Tigecycline-Tetracycline Combination Modeling against Pseudomonas aeruginosa: Application of the General Pharmacodynamic Interaction Term in Various Interaction Models
Amelia N. Deitchman (1), Astrid Broeker (1), Sebastian G. Wicha (2,3), Johannes Kast (1), Ravi Shankar Prasad Singh (1), Hartmut Derendorf (1)
(1) University of Florida, Gainesville, FL, USA (2) Uppsala University, Uppsala, Sweden, (3) University of Hamburg, Hamburg, Germany
Objectives: The enhanced activity of combination tigecycline (TIG) and tetracycline (TET) against Pseudomonas aeruginosa has been previously described in in vitro static time kill curve experiments [1]. We aimed to develop a PK/PD model based on this data to comprehensively describe the antibacterial interaction and effect for this drug combination. This analysis also aimed to explore the use of an interaction term (previously presented as the general pharmacodynamic interaction (GDPI) model [2]) applied to empiric and mechanism-based models.
Methods: Static time-kill curve modeling was performed with NONMEM (Ver.7.3). Using previously developed models for the TIG and TET alone [3,4] as base models, a collective model was developed to describe a combined dataset of mono and combination therapy. Change in objective function value, visual predictive checks, and goodness-of-fit plots were utilized to evaluate fit of standard and modified Bliss Independence, Loewe additivity, and competitive inhibition models. GDPI terms were incorporated into models on EC50 or Emax terms to improve interaction description.
Results: Generally, many GDPI models had improved performance compared to their respective parent models. A competitive inhibition model with a GDPI term on Emax (INT 0.415) best described the TIG-TET interaction and was selected as the model to move forward for future analyses (EC50 2.7 mg/L TIG and 8.86 mg/L TET, KmaxTIG 1.49 h-1, KmaxTET 1.35 h-1, Hill factor 1.88). The final model was a two subpopulation (susceptible and persistent resting) bacterial model with load dependent transfer from the susceptible to persistent state (kSR 1.25 h-1), and drug degradation for both TIG (kdegTIG 0.0909 h-1) and TET (kdegTET 0.0539 h-1). Relative standard errors of estimates were below 30%.
Conclusions: TIG and TET effects alone and in combination in vitro against P. aeruginosa were described using a semi-mechanistic GDPI competitive inhibition model, which will be combined with clinical pharmacokinetic information to evaluate combination dosing regimens. This exploration has also demonstrated the flexibility of the GDPI term as well as its ability to generally improve model fit of empiric or mechanism-based interaction models.

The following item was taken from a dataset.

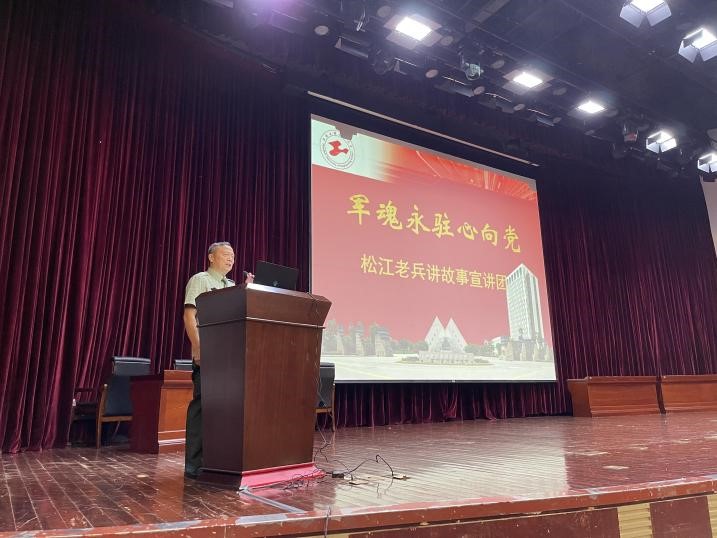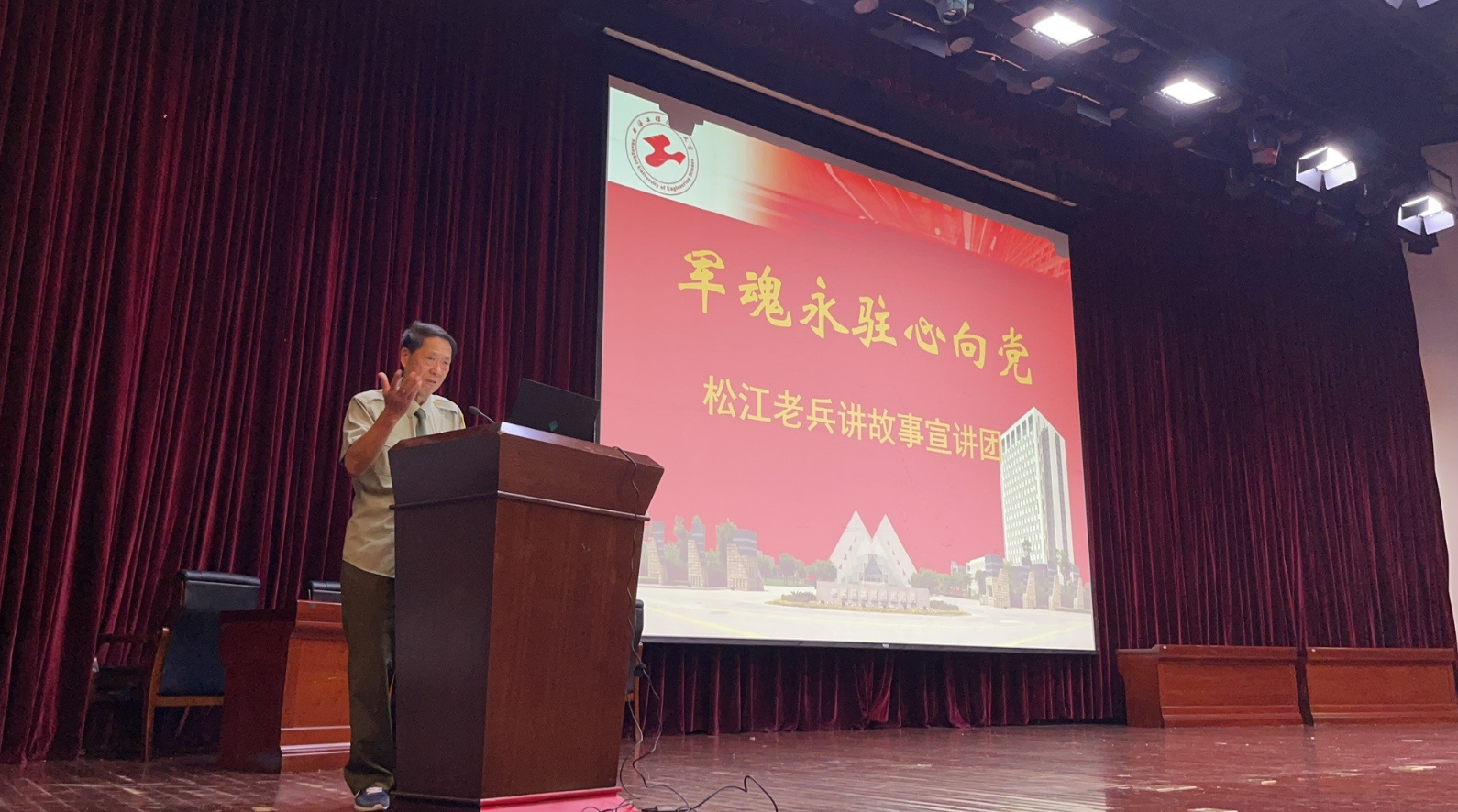 在入党启蒙教育环节,虞蓉书记以“以史为鉴,以用促学,争做合格学生党员”为主题,从学习党史,不忘初心,为梦想而努力;学习典型,示范引领,以精神为动力;学以致用,身体力行,锤炼党性坚定力三个方面向全体新生做了入党启蒙和党性教育。同时,邀请了两位松江老兵讲故事宣讲团成员结合自己的亲身经历,以“军魂永驻心向党”为主题开展了富有激情的演讲,激励同学们传承红色基因,激发了广大学子入党热情。

Acknowledgement: This work supported in part by the NIH/NCATS Clinical and Translational Science Award to the University of Florida UL1 TR000064.
References:
[1] Deitchman A, Singh R, Zoehner A, Derendorf H. In Vitro Pharmacodynamics of Tigecycline and Tetracycline Combinations against Pseudomonas aeruginosa. ECCMID Poster Presentation 2015. Copenhagen, Denmark.
[2] Wicha SG, Chen C, Clewe O, Simonsson USH. A general pharmacodynamic interaction model based on the Bliss Independence criterion. PAGE Oral Presentation 2016. Lisbon, Portugal.
[3] Deitchman AN, Kast J, Voelkner A, Derendorf H. Describing Tigecycline Activity against Pseudomonas aeruginosa: Modeling of In Vitro Time-Kill Curves. ICAAC/ICC Poster Presentation 2015. San Diego, CA.
[4] Deitchman AN, Kast J, Derendorf H. Tetracycline against Pseudomonas aeruginosa: Pharmacokinetic/Pharmacodynamic Modeling of In Vitro Time-Kill Curves. PAGE Poster Presentation 2016. Lisbon, Portugal.